Chris, this thread is about narrow gauge only. In fact it is only about Uintah Mallets in live steam (SV conversion is OK too). Anyway, thanks for the info. Uintah was de facto a common carrier, so they carried people, live stock, post, etc. Even bricks concealed as post parcels;-)... Plus, they carried a lot of water in the auxiliary tanks... Best, Zubi


----------



## Jeff Williams (Jan 8, 2008)

Please check my research and calculations, but it appears to me that the Unitah Mallet locos are a couple feet longer than the K-36 or K-37 D&RGW locos (not including tenders).

However, in Gauge #1, the Accucraft 1:32 SP cab forward (not including tender) would still be a lot longer than a 1:20.3 Unitah Mallet. The Unitah Mallet would be a lot taller and wider, though.


If any manufacturer made a live steam 1:20.3 Unitah Mallet though, I'll buy one!

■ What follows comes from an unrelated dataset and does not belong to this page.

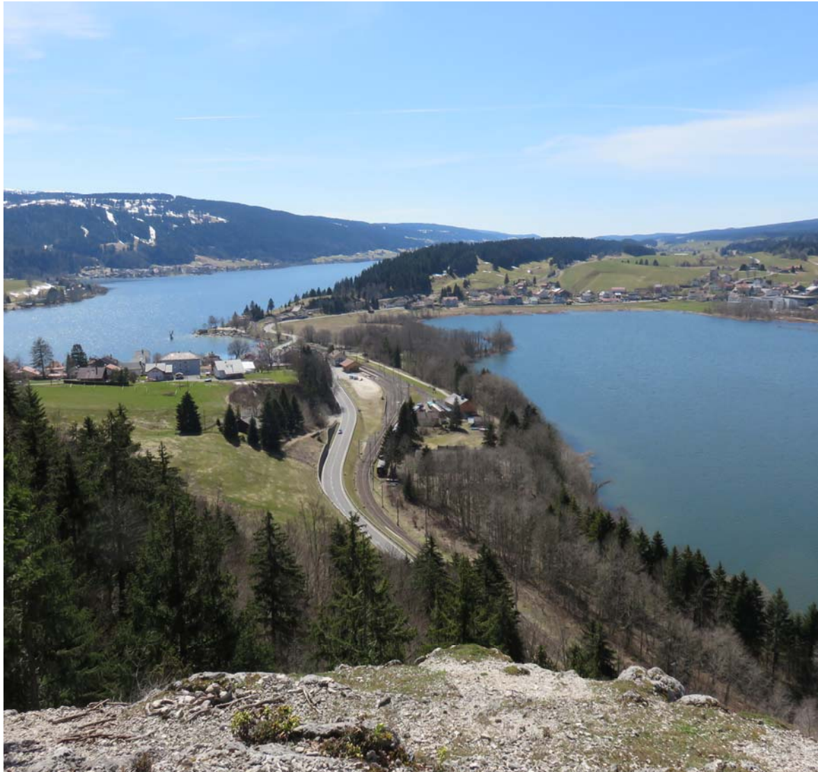
Lac de Joux et Brenet vus depuis la Grenouille.

êtes décidé à l'effectuer depuis le bord du lac Brenet, vous aurez toute occasion de découvrir les difficultés du terrain. A mi course, la Roche à Gahut qui vous offre un coup d'œil insolite sur la région. Tout cela constituant un monde peu couru du touriste, et où vous trouverez bien plutôt quelques chamois en lieu et place d'humains que cet endroit n'attire jamais.

Are/were there any narrow/meter gauge Beyer-Garretts that came close to the Mallet's length (although one has to include the "tenders" for that comparison, I think)?


----------



## zubi (May 14, 2009)

Jeff, the total length of the Uintah Mallets was 594" which translates to 743mm in 1:20.3 scale. This is almost 10cm longer than the K-36 but i have no precise data on the length of the K-36 engines. Garratts were generally much longer engines, the Kenyan & Ugandan meter gauge monsters had a wheelbase of 1055". That is nearly twice as long... But if you include four or five auxiliary water tanks/tenders, no other engine can beat the Beast;-), Zubi


----------